The limits of progress as religion

In my previous research, I established that the cost of investment capital does not limit generational company formation. While lower interest rates do increase overall funding volume, they do not necessarily increase the quality of companies being funded. What does is a scientific breakthrough that has commercial applications. Then, regardless of the sophistication of financial instruments, generational companies are built.

That’s a roundabout way of asking: If bubbles are good, why didn’t the ZIRP era produce magical bubbles that fixed everything? Interest rates were so low that if you walked into any venture capitalist’s office, you would walk out with a complimentary duffle bag of cash. In actuality, the cost of capital appears to be relatively unimportant. If you accept H&H’s assertion—and I am inclined to agree with them—that good bubbles of sufficient mania density are required to have spiritual, religious, cult-like elements in order to succeed, then you don’t need to worry about interest rates—you need to worry about attention spans! Marshalling collective belief and advancing science cause good bubbles, and these activities occur irrespective of what the Federal Reserve is doing. Good bubbles, ones that are net-socially beneficial, convince lots of people to pursue multiple aspects of a technology and its applications all at once.

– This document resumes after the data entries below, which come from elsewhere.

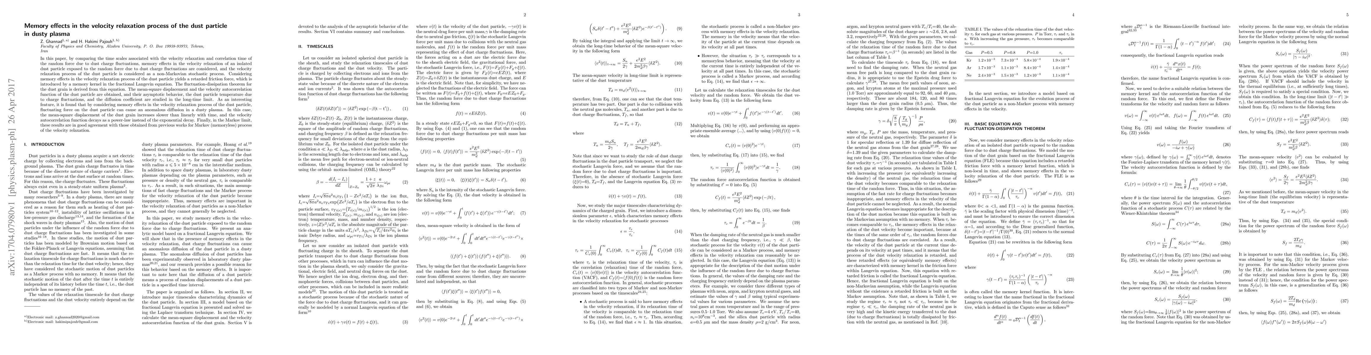 In this paper, by comparing the time scales associated with the velocity relaxation and correlation time of the random force due to dust charge fluctuations, memory effects in the velocity relaxation of an isolated dust particle exposed to the random force due to dust charge fluctuations are considered, and the velocity relaxation process of the dust particle is considered as a non-Markovian stochastic process. Considering memory effects in the velocity relaxation process of the dust particle yields a retarded friction force, which is introduced by a memory kernel in the fractional Langevin equation. The fluctuation-dissipation theorem for the dust grain is derived from this equation. The mean-square displacement and the velocity autocorrelation function of the dust particle are obtained, and their asymptotic behavior, the dust particle temperature due to charge fluctuations, and the diffusion coefficient are studied in the long-time limit. As an interesting feature, it is found that by considering memory effects in the velocity relaxation process of the dust particle, fluctuating force on the dust particle can cause an anomalous diffusion in a dusty plasma. In this case, the mean-square displacement of the dust grain increases slower than linearly with time, and the velocity autocorrelation function decays as a power-law instead of the exponential decay. Finally, in the Markov limit, these results are in good agreement with those obtained from previous works for Markov (memoryless) process of the velocity relaxation.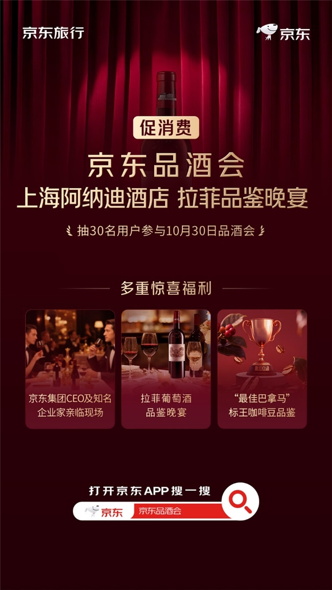 繼9月16日首場京東品酒會爆火,官宣24小時百萬人涌入活動會場后,時值京東11.11期間,第二場京東品酒會即將來襲。10月30日,京東旅行將在上海阿納迪酒店舉辦第二場品酒會,京東集團(tuán)SEC副主席、京東集團(tuán)CEO許冉及其他知名企業(yè)家現(xiàn)身現(xiàn)場,和用戶一起“品名酒,交朋友”。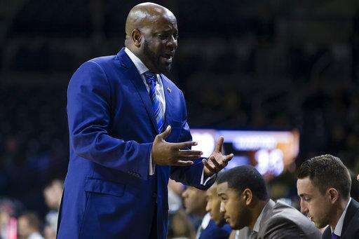 Hampton head coach Edward Joyner Jr. talks to his players against Notre Dame during an NCAA college basketball game in the first round of the NIT tournament, Tuesday, March 13, 2018, in South Bend, Ind. (Michael Caterina/South Bend Tribune via AP)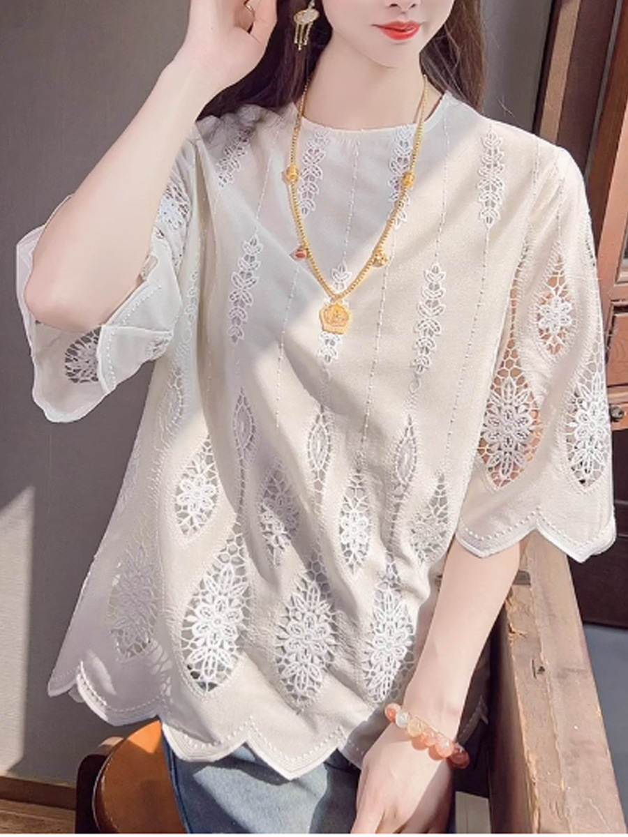 무거운 자수 레이스 반팔베이스 탑 여자 여름 얇은 Lyocell 새로운 중국 티셔츠 빈 셔츠

Ultimately, what makes me worried about progress as a new religion in Washington is that it is not a humanistic one. Whom the progress benefits is just as important as the progress itself.

I genuinely enjoyed reading Boom—the prose is dense, the argument chaotic. It is the first time that I’ve encountered a book that amalgamates so much of what has made Silicon Valley special: wild optimism, dazzling intellect, and more than a smidge of greed.